Last year the Retail Council of Canada reported that Canadian shoppers plan to spend more during Black Friday/Cyber Monday than during Boxing Day — Canada’s traditional deal day. This year, nearly half of all Canadian’s (48%) plan to purchase most (or everything) online, according to a consumer insights report from Canada Post.
Marketers who start planning for Black Friday/Cyber Monday campaigns now will be better positioned to take advantage of what promises to be a very different type of deal season. Here’s three ideas to consider:
- The market will be crowded. You’re not the only one now thinking about how you can take advantage of more eyeballs looking for deals online. You need a clear, targeted, audience-first, content-driven message to break through the noise.
- Plan for retargeting. Start publishing audience-first content now to drive traffic to your sites and landing pages. This will create robust sets of data for you to retarget for Black Friday/Cyber Monday.
- If you’re in B2B…I know Cyber Monday can feel retail and B2C-focused. Remember that your B2B customer will be in a deal headspace, so how can you take advantage of that to drive traffic to you? Can you offer a deal on a product or service? Can you report on other deals within your industry?

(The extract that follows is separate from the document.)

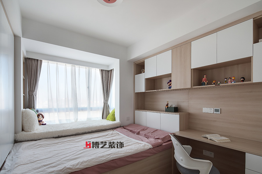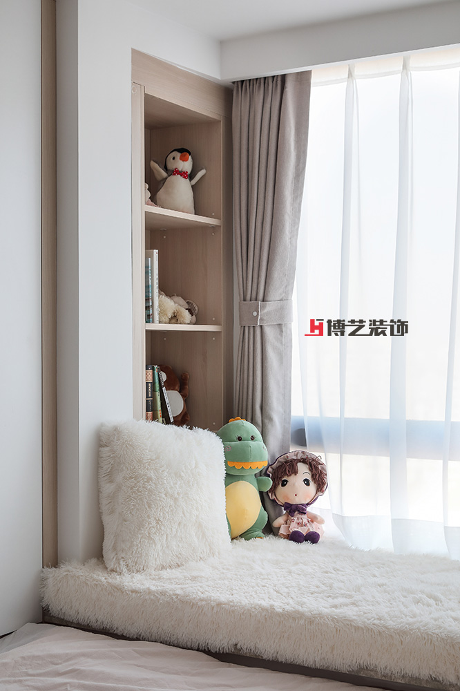 溫柔的自然之色中點(diǎn)綴俏皮粉色,簡(jiǎn)單中顯出幾分可愛。毛茸茸的抱枕,幾個(gè)布玩偶,是一個(gè)小女孩對(duì)我們的訴說。

Lisa LaFlamme needs a YouTube channel
Disinformation is rampant these days. I know whenever I see a wackadoodle headline I can’t help but think: Wait, is this real?
Yes, Facebook bears part of the responsibility for the spread of information that is less than credible, but it turns out YouTube is part of the issue too.
A new study from the Pew Research Center found that 26% of U.S. adults said they now get their news from YouTube. This includes a mix of videos from both “external news organizations” — like New York Times and Buzzfeed — and independent YouTube channels — think John Oliver or TheYoungTurks.
“The study finds a news landscape on YouTube in which established news organizations and independent news creators thrive side by side,” say the authors.
The Pew Research Center found that 14% of the videos analyzed from independent channels were primarily dedicated to conspiracy theories, and up to 21% made some mention of them. Traditional news organizations only mentioned conspiracy theories in 2% of videos.
For marketers, there are three things to noodle on here:
- With more people turning to YouTube and video for news, is there an opportunity for your organization to deliver industry news in a reporting-style format?
- If more people are watching news on the platform, there are more people to market to on the platform and reach your audience without having to pay television advertising rates.
- Without a strategic plan in place for your ads, you run the risk of your brand being dropped into a video about Jeffrey Epstein.
I learned a new term this week: Doomscrolling. It’s also known as doomsurfing and it’s that “tendency to continue to surf or scroll through bad news, even though that news is saddening, disheartening, or depressing.”
Are you guilty of it? Me too.
I like these practical tips from Mashable on how to manage doomscrolling.
In particular, I’ve found reorganizing the apps on my phone has helped. By moving my news and social media apps to nested folders off my home screen, I have a moment to consider if I really want to read more bad news during my downtime.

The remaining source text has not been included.